As shown in fig. 1, the embodiment of the present invention provides a specific positive pressure ventilation-based greenhouse environment conditioning system, which is as follows:
in the embodiment, the area of one area in northwest China is about 4300m2The novel multi-span glass greenhouse is carried out in a south-north direction, the south-north direction is 80m long, the east-west direction is 54m long, the span is 16m, the total span is 4, the span is 2m, the ridge height is 6.5m, the shoulder height is 3m, the ground is 1m in a sinking mode, and the external heat preservation is matched.
In order to realize comprehensive regulation and control of the environment of the greenhouse, in the embodiment, the system comprises an equipment room 1, an air conditioning unit 2 and CO2The device comprises a generator 3, an ozone generator 4, a centralized control device 7, an air supply pipe 8, an air outlet 9, an air valve 10, a return air pipe 11, a stop valve 12 and a return air inlet 13.
The equipment room 1 is 18m long and 6m wide, is arranged on the north side of the greenhouse, is adjacent to the greenhouse and is specially used for placing equipment devices related to environment regulation. The equipment room 1 is of a brick-concrete structure, and the internal space is closed. The equipment room 1 is provided with an outer ventilating window 5 and an inner ventilating window 6, the outer ventilating window 5 is communicated with the outdoor environment, and the inner ventilating window 6 is communicated with the greenhouse. The outer ventilation window 5 is provided with a dustproof insect-proof net which is used as a system for first filtering protection of air external circulation, and dust, sundries and pests are prevented from entering the equipment room 1 and then entering the greenhouse.
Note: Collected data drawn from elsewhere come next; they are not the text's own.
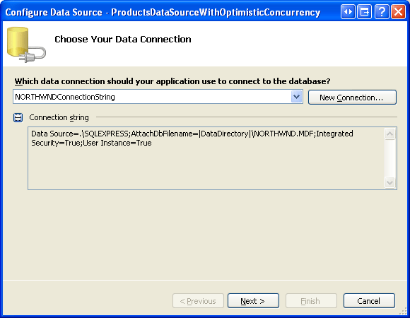 Per iniziare, aprire la OptimisticConcurrency.aspx pagina dalla SqlDataSource cartella . Trascinare un controllo SqlDataSource dalla casella degli strumenti nella finestra di progettazione, impostare la relativa ID proprietà su ProductsDataSourceWithOptimisticConcurrency. Fare quindi clic sul collegamento Configura origine dati dallo smart tag del controllo. Nella prima schermata della procedura guidata, scegli di lavorare con il NORTHWINDConnectionString e fai clic su Avanti.
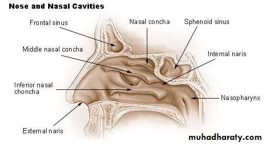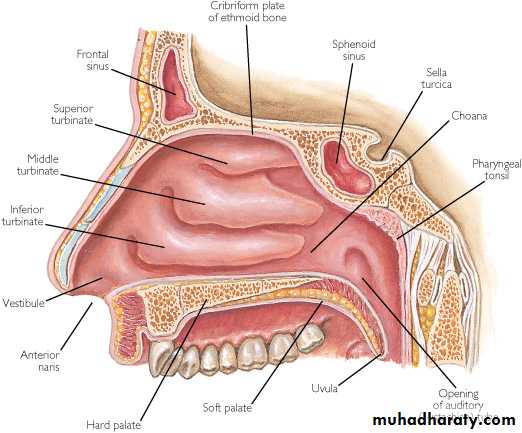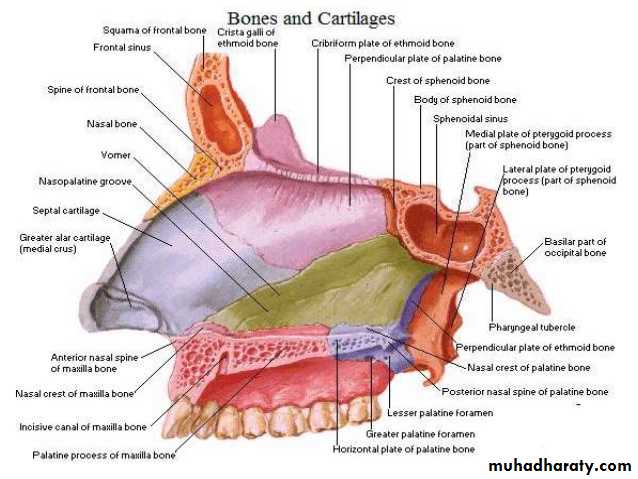 Each half of the nasal cavity has a floor, a roof , a lateral wall, and a medial or septal wall .Floor
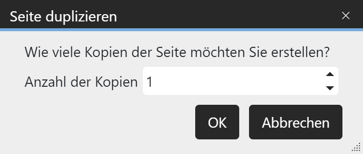 ![]() Anzahl neuer Seiten beim Duplizieren festlegen Um ein selbst gestaltetes Seitendesign auf weitere Kalenderseiten zu übernehmen, markieren Sie die zu vervielfältigende Seite im Seiteneditor und klicken auf das Duplizieren-Symbol. Geben Sie die Anzahl der Kopien ein. |

The air conditioning unit 2 is provided with 4 air conditioning units, is arranged in the equipment room 1 and comprises an air inlet section 21, a filtering section 22, a heating section 23, a humidifying and cooling section 24, a fan section 25 and an air outlet section 26, and the functional sections are sequentially connected. The air inlet section 21 is provided with a dustproof insect-proof net which is used as a second filtering protection of the system for air external circulation. The filter section 22 is provided with bag-type primary filtration for further filtering dust, worm eggs and the like. The heating section 23 is provided with a fin type heat exchanger and is connected with a heating heat source of the greenhouse through a hot water supply pipe 14, and the heating heat source is a biomass boiler. The humidifying and cooling section 24 is provided with a wet curtain, a water tank and a circulating water pump, the water tank is supplied with water by a water supplementing pipe 15, and the water source is tap water or a buffer water tank. The fan section 25 is provided with a centrifugal fan, and the rated ventilation rate of a single fan is 80000m3And/h, according to the ventilation quantity requirement, the variable frequency adjusts the wind speed, thereby being beneficial to energy-saving operation.
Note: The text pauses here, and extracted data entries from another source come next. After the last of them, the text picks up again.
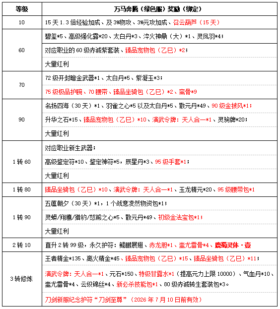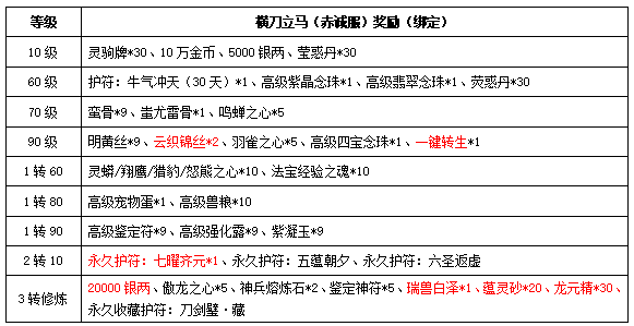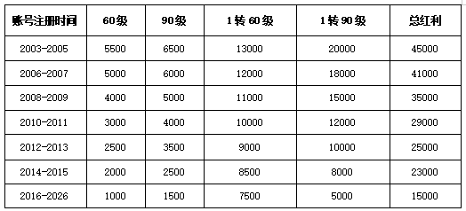 玩家达到60级、90级、1转60级、1转90级时还可根据账号注册时间获得不同量级的红利奖励。
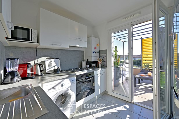 From the moment you step inside, the brightness catches the eye. The living room opens generously onto a 27 sqm terrace, a true outdoor extension of the lounge, where the Nimes sky can be admired at any time of the day.
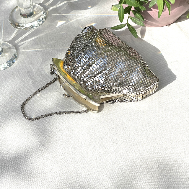 Art Déco Tasche von Whiting & Davis USA silber Pailetten Abendtasche
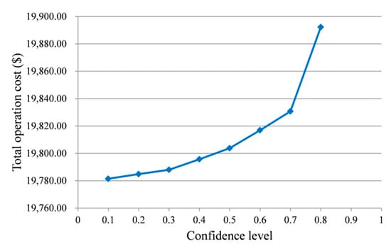 In the simulation, it is set that Nscen = 30 and scenarios are generated based on the data in Figure 2. One can then calculate the expectations of the total operation cost, the social surplus, probabilities of load shedding and IRESs curtailment, and quantities of the shed load and the curtailed IRES in the scenarios with and without FRPs, respectively. The simulation results are given in Table 3. In the scenarios with FRPs, three models (fixed FRP demand, varied FRP demand and the risk-limiting model proposed in this work) are adopted for comparison. In the model with fixed FRP demand, the values of and are set as 10 MW. In the model with varied FRP demand, the FRP requirements are determined by the confidence interval of the forecasted net load.
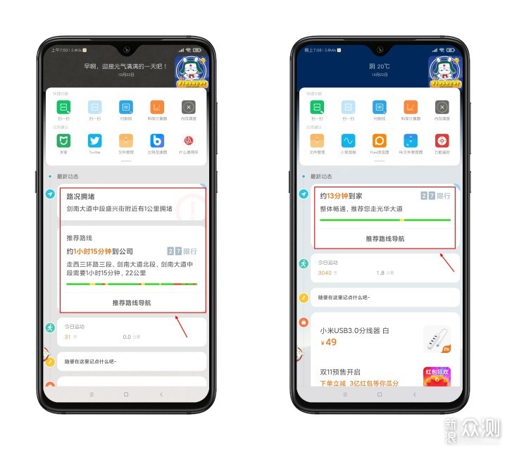 而这个功能的好处在于,方便我们日常早出晚归上下班交通出行,当然还能自动更新路况和线路状态。Flashcer以自己早上和晚上上下班的路线为例,打开负一屏就能自动给您推送路况状态,助力出行。

The blast pipe 8 consists of 4 blast main pipes 81, the size of the initial pipe section of the blast pipe 8 connected with the air outlet section 26 of the air conditioning unit 2 is 1400 multiplied by 1400mm, and the diameter of the initial pipe section is changed along with the extension of the pipe. The blast pipe 8 is buried completely, a square air duct made of brick concrete is adopted, a cover plate is added at the top, and the burying depth is 0.5m below the ground on the upper surface of the air duct. Each blast pipe 8 is provided with an air outlet 9 every 4m, the air outlet 9 adopts a strip-seam type side air supply, the size is 1000 multiplied by 400mm, and the central elevation of the air outlet 9 is 0.25 m. The air outlet 9 is provided with an air valve 10 for adjusting air quantity and ensuring uniform air supply. The blast pipe 8 is provided with a water collecting pit, a sewage pump is installed, and the problem of pipeline water accumulation which possibly occurs is solved.
The return air duct 11 is a bricked concrete air duct, is buried underground, is communicated with the greenhouse and the equipment room 1, has the pipe section specification size of 2000 multiplied by 2000mm near the equipment room 1, and is reduced along with the extension of the pipeline to the greenhouse. A stop valve 12 is arranged at one end of the return air pipe 11 extending into the equipment room 1 to prevent the greenhouse air from being sucked in during the external circulation process of the greenhouse air to influence the cooling or ventilation effect; and return air inlets 13 extending out of the ground are arranged every 4m in the pipe sections in the greenhouse and are used for collecting air conveyed to the greenhouse by the air supply pipe 8 to form greenhouse internal circulation. The return air duct 11 may partially or completely replace the return air function of the inner louver 6.
CO2The generator 3 and the ozone generator 4 are both arranged in the equipment room 1 and are connected with the filter section 22 of the air conditioning unit 2 through the air guide pipeline 18.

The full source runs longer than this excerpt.